* PROBLEM *
Exclude pictures; retype the lines below from the line containing "11. Move the" through the end of the records, both ends kept.

* AVAILABLE RECORDS *

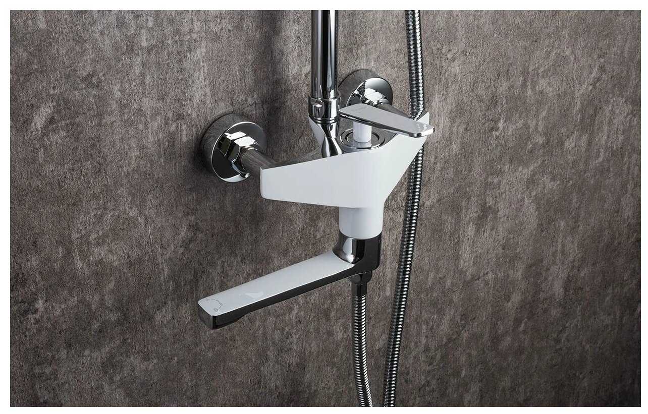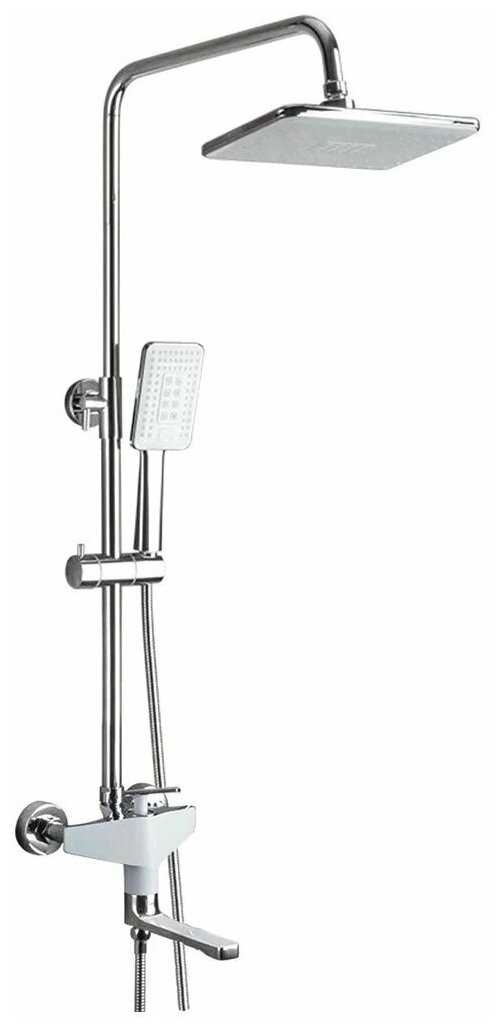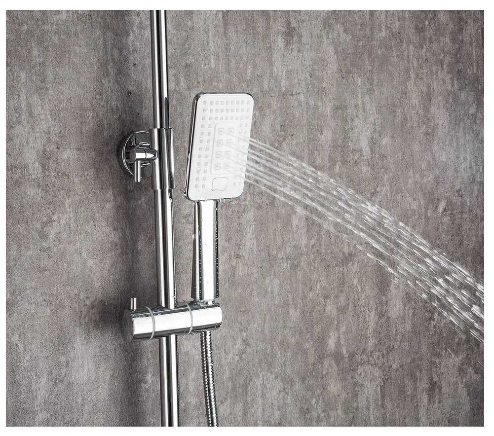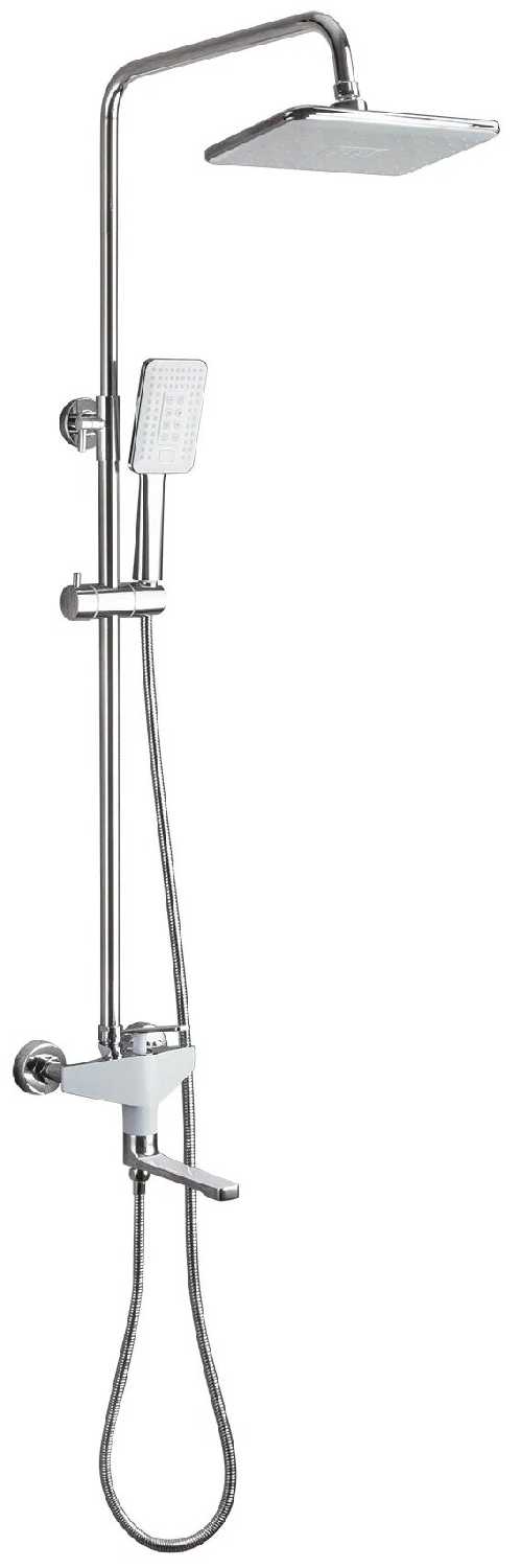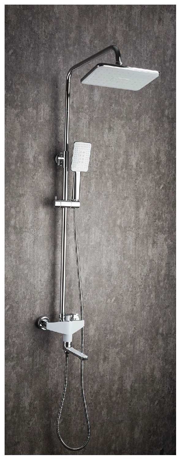 | Комплектация : | верхний душ, держатель лейки, душевая стойка, излив для набора воды, кронштейн, лейка, ручной душ, смеситель, шланг |
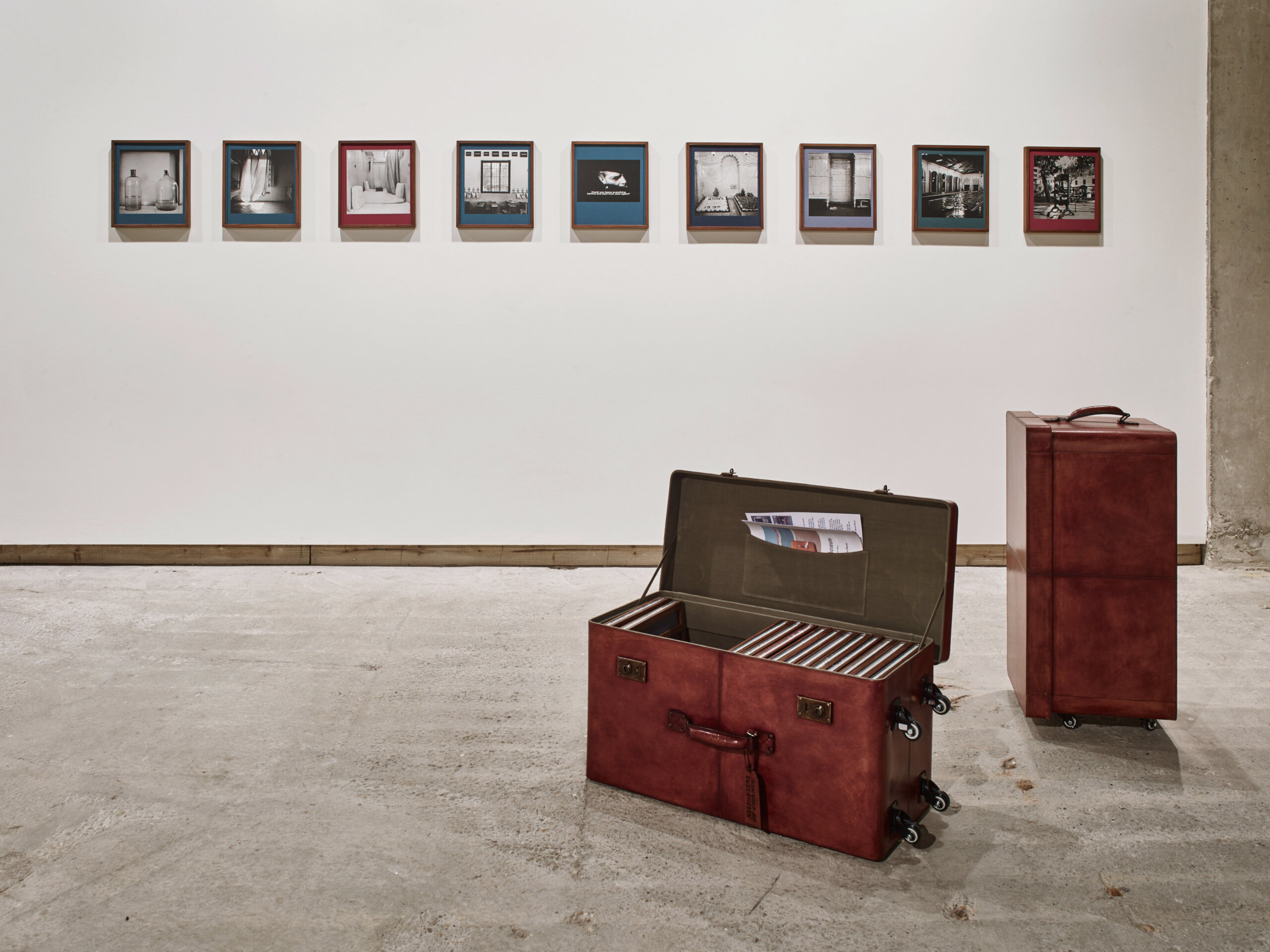 Over the following months, I became witness to Museum of Chance’s several journeys across form. I worked with Dayanita on the exhibition note for the book-objects’ very first showing in Mumbai and was present when she created the Museum of Chance book-case. I watched as she designed several iterations of the book-object canvas and leather tote bags, and personally oversaw the packing and shipping for Suitcase Museum’s voyage to its maiden exhibition. I accompanied Dayanita to her booths at the India Art Fair in Delhi and the Dhaka Art Summit, where I assisted her with the book-object edition sales. And, for the better part of three years, I worked under the watchful presence of eighty-eight Museum of Chance book-objects as they hung on the studio’s sliding Book Walls.
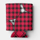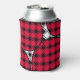 This can cooler has a mid-century modern design of solid black diamonds inside black diamond outlines with pink blobs under them, all on a field of white.
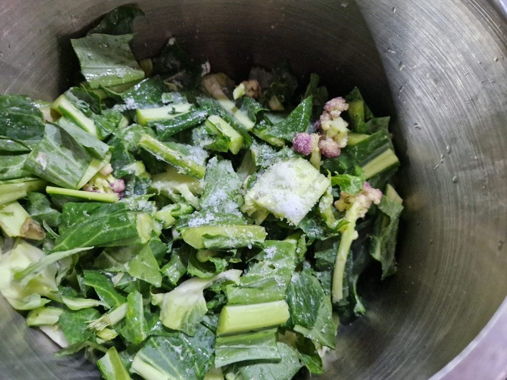 Om de kool-, bloemkool- en snijbietbladeren te gebruiken, is de eerste stap om ze van de stengel te scheiden en ze onder stromend water te wassen.
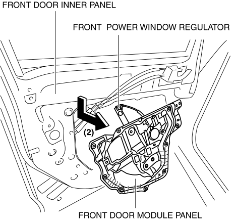 11. Move the front door module panel in the direction of arrow (2) shown in the figure so that the upper part of the front power window regulator does not contact the front door inner panel, and remove the front door module panel and the front power window regulator as a single unit.
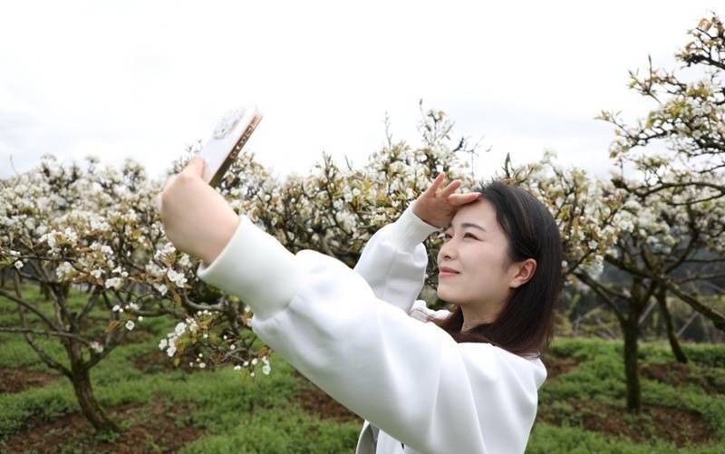 “走进黑水桃梨欢喜园就被惊艳到了。满树的梨花洁白如雪,空气里都是甜甜的花香,漫步在花海里,心情瞬间变好,这才是春天的正确打开方式呀。”游客杨琴松笑着说。

* EXERCISE ANSWER *
 11. Move the front door module panel in the direction of arrow (2) shown in the figure so that the upper part of the front power window regulator does not contact the front door inner panel, and remove the front door module panel and the front power window regulator as a single unit.
 “走进黑水桃梨欢喜园就被惊艳到了。满树的梨花洁白如雪,空气里都是甜甜的花香,漫步在花海里,心情瞬间变好,这才是春天的正确打开方式呀。”游客杨琴松笑着说。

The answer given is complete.